One effective approach is to perform topological averaging. This method calculates the mean value of adjacent nodes or edges and assigns the result to each face, creating a face-centered representation suitable for polygon visualization. While this transformation may introduce some averaging effects, it provides a practical solution for visualizing node and edge data within the constraints of polygon plotting.

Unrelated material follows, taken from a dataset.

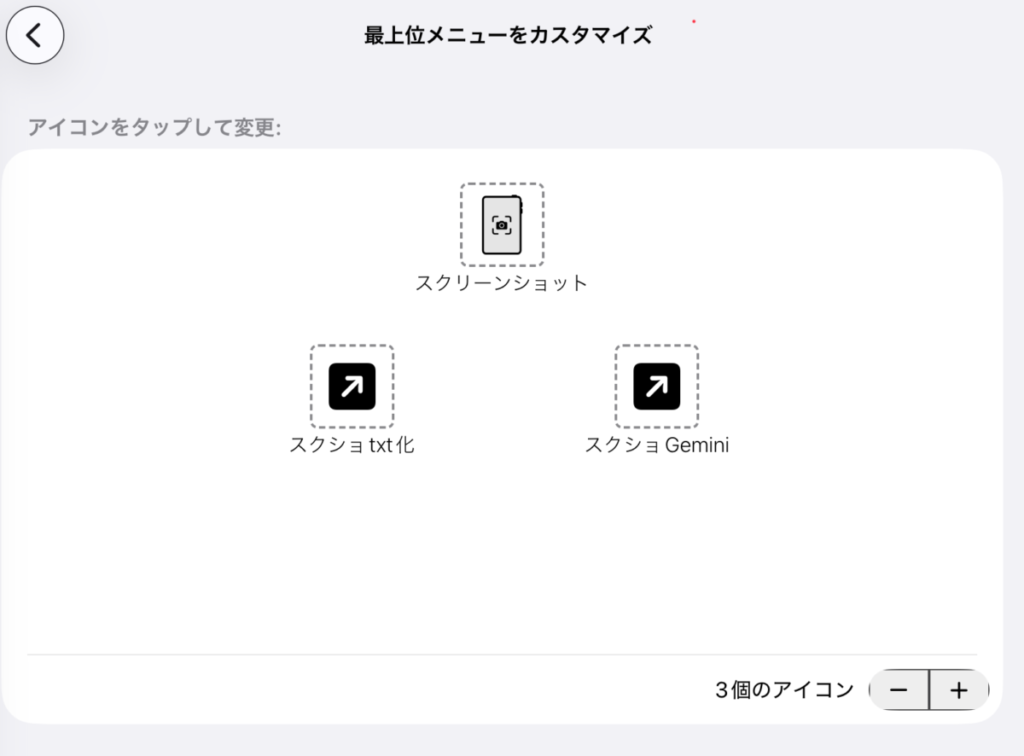 これで電源ボタン3連打で素早くタッチボタンを呼び出しスクショ→貼り付けが行えます。

grid_path = "../../meshfiles/hex.grid.nc"
data_path = "../../meshfiles/hex.node.data.nc"
uxds_node_centered = ux.open_dataset(grid_path, data_path)
uxds_node_centered["random_data_node"].topological_mean(destination="face").plot()
Points
Points provide an alternative visualization method that offers flexibility across different data mappings. This approach maps data values to specific coordinates, enabling visualization of node-centered, edge-centered, or face-centered data.
The following visualization demonstrates this technique using face-centered data. Each point corresponds to a face center coordinate and displays its associated data value. This method maintains data fidelity while presenting the information in a discrete, coordinate-based format.
uxds["bottomDepth"].plot.points()
Rasterization
As with polygon-based visualizations, point-based plots support rasterization through the rasterize=True
parameter. This optimization technique converts vector-based points into a raster format during rendering.
uxds["bottomDepth"].plot.points(rasterize=True)
Point-based rasterization demonstrates different characteristics across varying data resolutions. For coarse-resolution data like our example, point-based visualization produces notably lower visual quality compared to polygon-based approaches.
However, rasterized point plots emerge as a valuable tool for high-resolution grid visualization, offering significant performance advantages. For detailed information about leveraging this technique with high-resolution data, please refer to the Visualizing High-Resolution Grids section.